You can swim in the garden pool; you can have a massage in your tent. There was a TV discretely placed in a small lounge. So on Sunday evening I was able to sneak there on my own and watch the F1 in Saudi Arabia – the craziest of all this year’s unrelenting contests between Hamilton and Verstappen.
Viewing deck on the river bank
Some years ago, I wrote an article expressing my disappointment at what Fairmont had done to the Norfolk Hotel in Nairobi. The interior décor was splendid, but the Delamere Terrace was no longer open to the street. Like the Stanley Hotel’s Thorn Tree pavement café, the Norfolk’s Terrace used to be a favourite meeting place for people of the city as well as for tourists. But then the Westgate bombing happened. It was no longer possible for the big hotels to have such an easy interface with the city.
However, Fairmont has found a way with its Mara Safari Club to have a better interface with its surrounding wildlife than any other largish lodge or camp has in the Mara or in any of Kenya’s game reserves or conservancies.
The key feature is the viewing deck on the river bank that every one of the tents has.

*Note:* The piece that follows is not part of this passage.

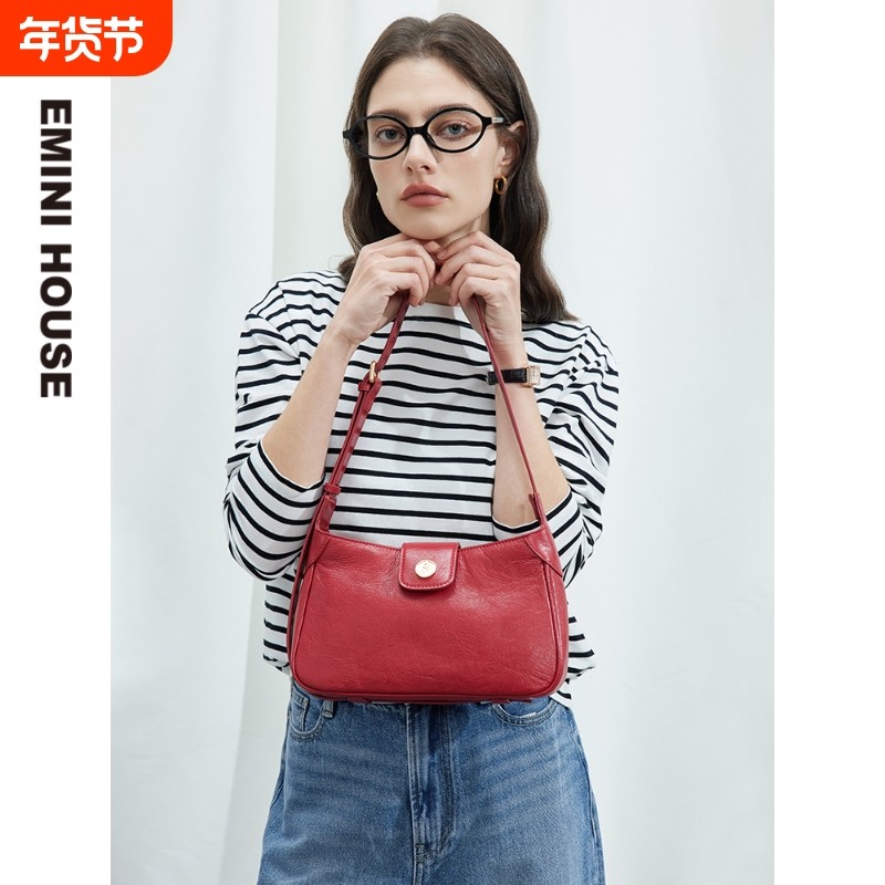 EMINIHOUSE/伊米妮气质法棍包头层牛皮红色复古单肩腋下女包化妆

The tents are fairly standard for luxury safari camps. They have electricity for the lights; they have hot water for the basins and showers.
But it is the private deck that makes them stand out – or, rather enables you to sit out and experience the magic of the river, with its hippo and crocodile residents and its amazing variety of birds. As one guest wrote in, ‘I have never been so connected to nature.’
The Club is in the Ol Choro Conservancy of the Masai Mara. We drove across it and the two other north-eastern conservancies a few times. All the plains games are there – herds of zebra, wildebeest and gazelles. There are elephants and giraffes; there are lions and leopards. There are no herds of minibuses.
Oh, yes, Jan did finish all the 50 kilometres. To paraphrase Sam Mussabini, the athletics coach in the film, Chariots of Fire: ‘It wasn’t the prettiest run I have ever seen, but it was certainly the bravest.’